*** Data records Section Begins ***

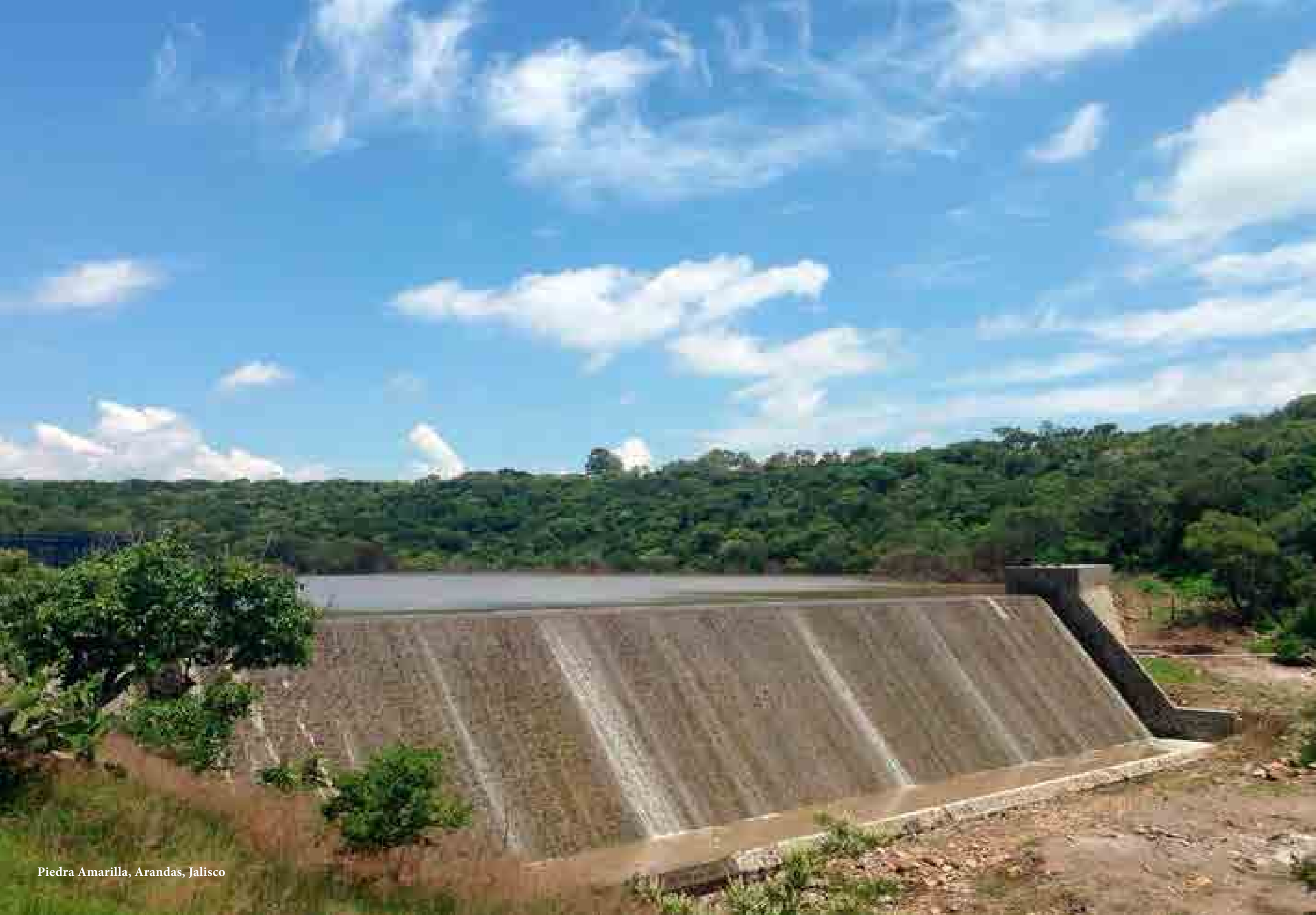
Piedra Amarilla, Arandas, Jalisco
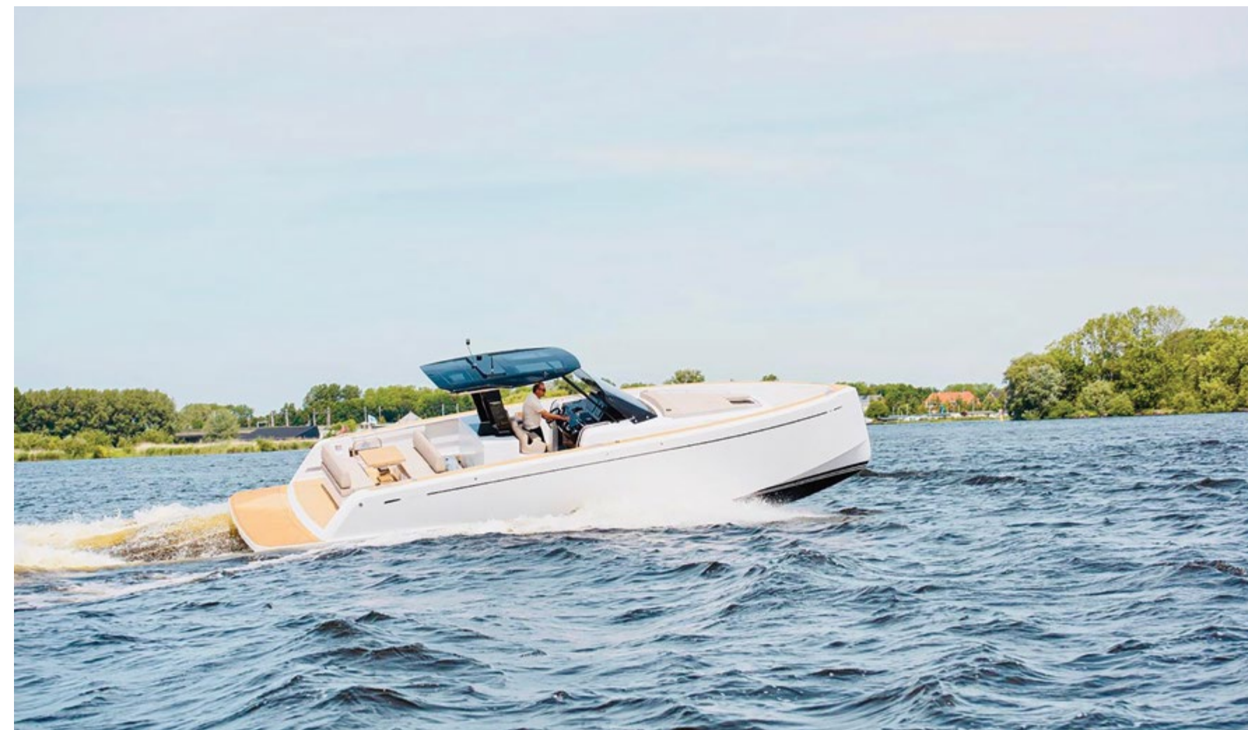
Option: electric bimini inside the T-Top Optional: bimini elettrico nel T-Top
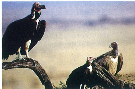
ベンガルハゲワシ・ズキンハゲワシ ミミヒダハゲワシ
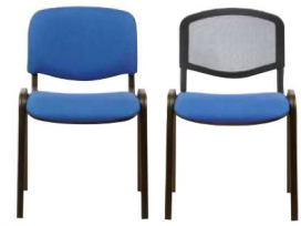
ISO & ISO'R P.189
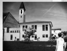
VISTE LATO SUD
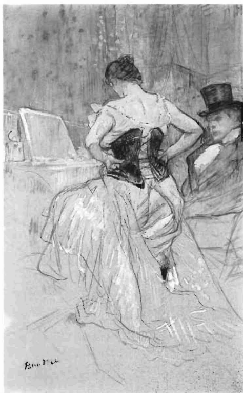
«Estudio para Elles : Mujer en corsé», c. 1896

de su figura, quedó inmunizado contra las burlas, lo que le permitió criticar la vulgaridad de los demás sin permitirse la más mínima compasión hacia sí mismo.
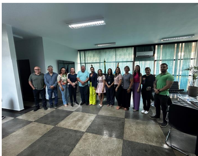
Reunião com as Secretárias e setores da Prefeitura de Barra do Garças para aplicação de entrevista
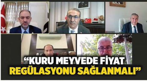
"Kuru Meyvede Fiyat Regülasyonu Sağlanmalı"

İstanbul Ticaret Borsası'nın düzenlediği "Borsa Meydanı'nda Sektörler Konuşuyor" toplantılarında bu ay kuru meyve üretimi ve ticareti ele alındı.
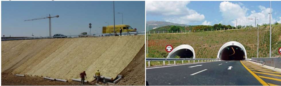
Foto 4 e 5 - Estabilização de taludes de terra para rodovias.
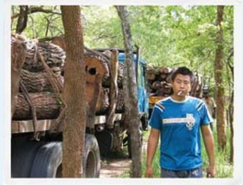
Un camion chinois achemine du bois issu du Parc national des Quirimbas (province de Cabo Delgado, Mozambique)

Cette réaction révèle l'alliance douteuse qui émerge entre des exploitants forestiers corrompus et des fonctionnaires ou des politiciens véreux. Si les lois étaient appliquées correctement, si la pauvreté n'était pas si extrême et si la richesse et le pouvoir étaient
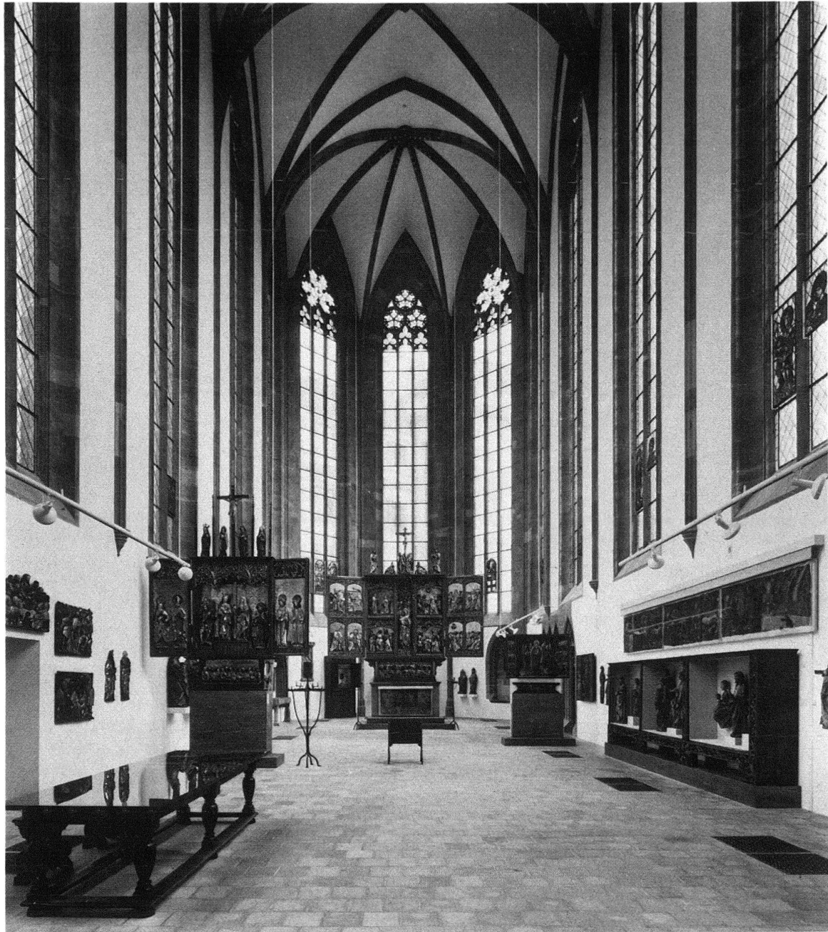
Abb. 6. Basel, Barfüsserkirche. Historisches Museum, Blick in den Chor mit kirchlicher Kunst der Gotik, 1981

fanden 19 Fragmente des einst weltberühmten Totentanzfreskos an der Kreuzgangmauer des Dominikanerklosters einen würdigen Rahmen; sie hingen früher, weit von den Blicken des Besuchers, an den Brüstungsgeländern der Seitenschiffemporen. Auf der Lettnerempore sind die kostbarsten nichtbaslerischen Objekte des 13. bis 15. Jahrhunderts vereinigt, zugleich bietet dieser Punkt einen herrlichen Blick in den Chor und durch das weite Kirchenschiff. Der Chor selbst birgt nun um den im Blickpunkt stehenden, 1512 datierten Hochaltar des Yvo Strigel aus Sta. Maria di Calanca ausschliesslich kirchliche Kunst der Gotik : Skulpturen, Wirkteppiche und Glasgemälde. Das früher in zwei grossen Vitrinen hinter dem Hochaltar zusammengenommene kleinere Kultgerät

*** Data records Section Ends ***

Keep the pictures out and repeat exactly the lines from the beginning of the data through the line that contains "Reunião com as", both ends included.

Task output
Piedra Amarilla, Arandas, Jalisco
Option: electric bimini inside the T-Top Optional: bimini elettrico nel T-Top
ベンガルハゲワシ・ズキンハゲワシ ミミヒダハゲワシ
ISO & ISO'R P.189
VISTE LATO SUD
«Estudio para Elles : Mujer en corsé», c. 1896

de su figura, quedó inmunizado contra las burlas, lo que le permitió criticar la vulgaridad de los demás sin permitirse la más mínima compasión hacia sí mismo.
Reunião com as Secretárias e setores da Prefeitura de Barra do Garças para aplicação de entrevista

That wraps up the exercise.